[[ EXERCISE DATA, beginning ]]
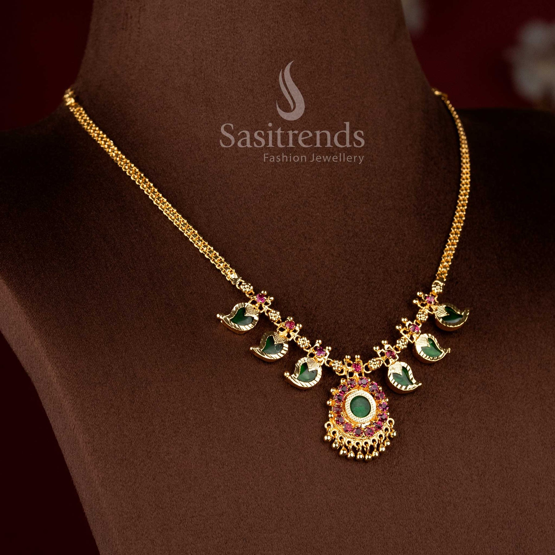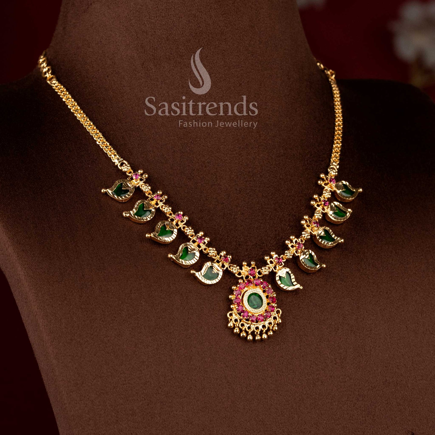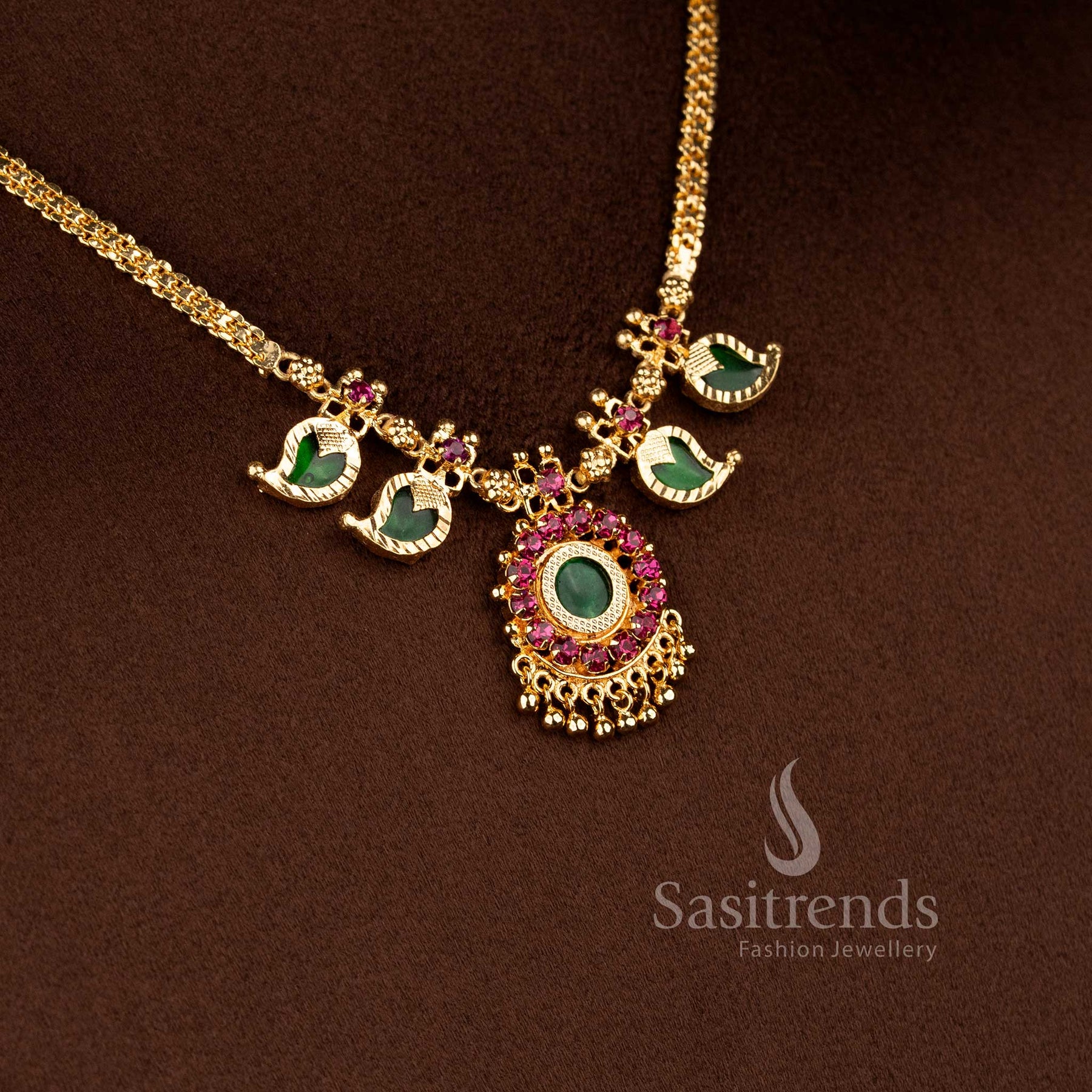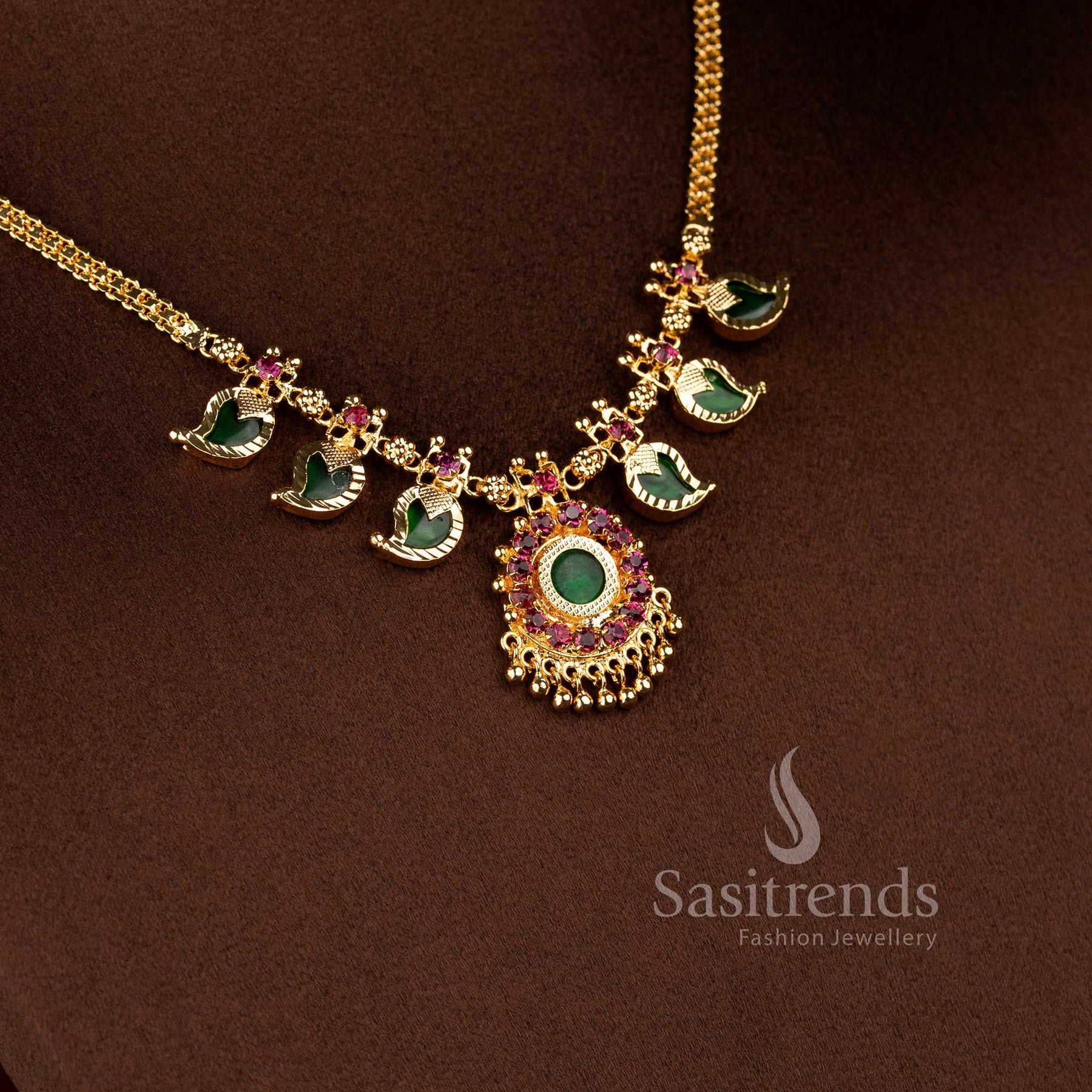 Micro Gold Plated Kerala Traditional Mango Leaf Palakka Necklace with Green Stone Pendant | Sasitrends
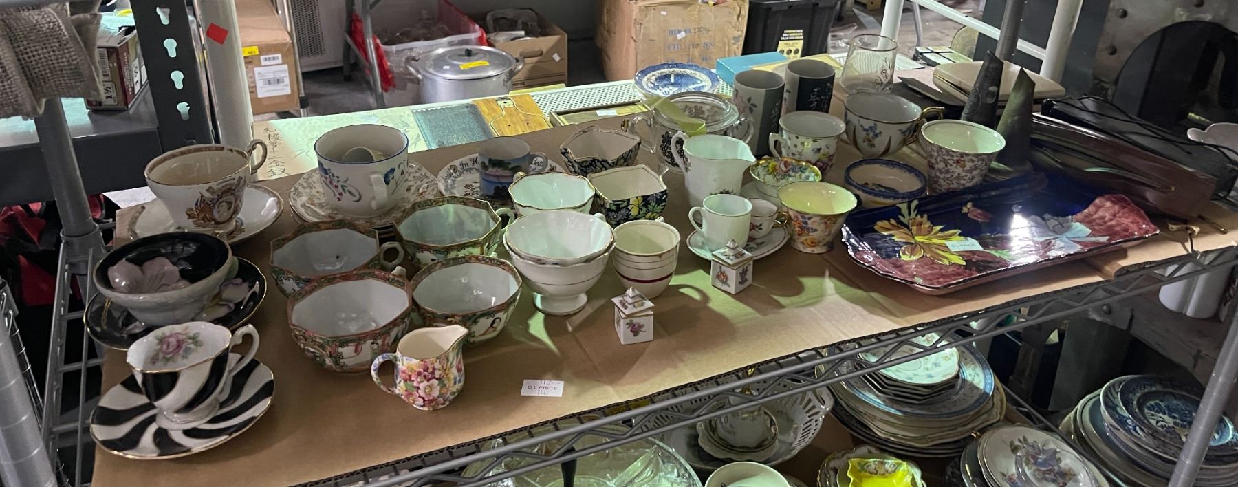 Shelf Lot - Teacups, Creamers, Porcelain Mugs & Tray Delicate porcelain teacups, creamers, glassware, and decorative serving tray.
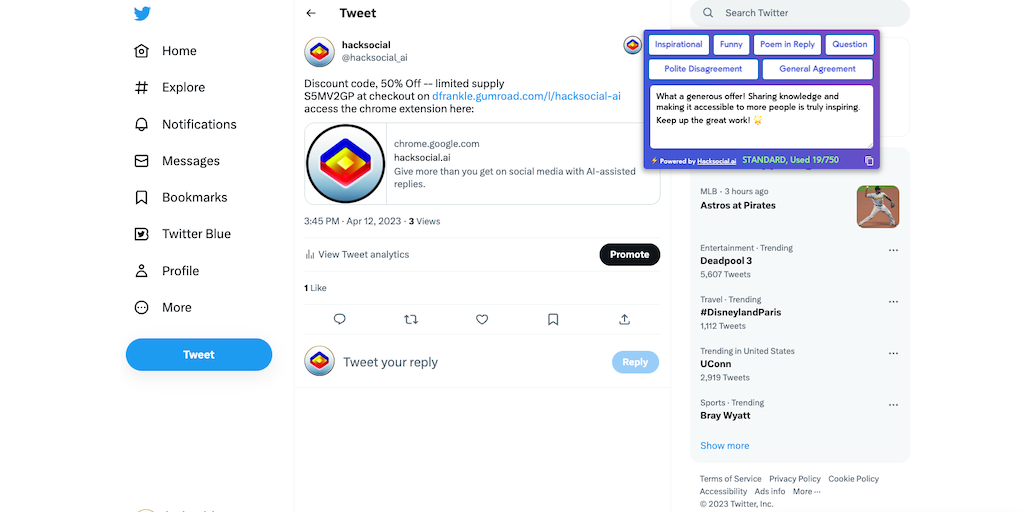 Supercharge your social media experience with AI-powered replies from Hacksocial.ai! Engage your audience, grow your network faster, and never face writer's block again. Transform your interactions on
[[ EXERCISE DATA, end ]]
All lines from the one containing "Shelf Lot - Teacups, Creamers, Porcelain" through the end of the data are to be written out exactly, with nothing added; skip the pictures.

 Shelf Lot - Teacups, Creamers, Porcelain Mugs & Tray Delicate porcelain teacups, creamers, glassware, and decorative serving tray.
 Supercharge your social media experience with AI-powered replies from Hacksocial.ai! Engage your audience, grow your network faster, and never face writer's block again. Transform your interactions on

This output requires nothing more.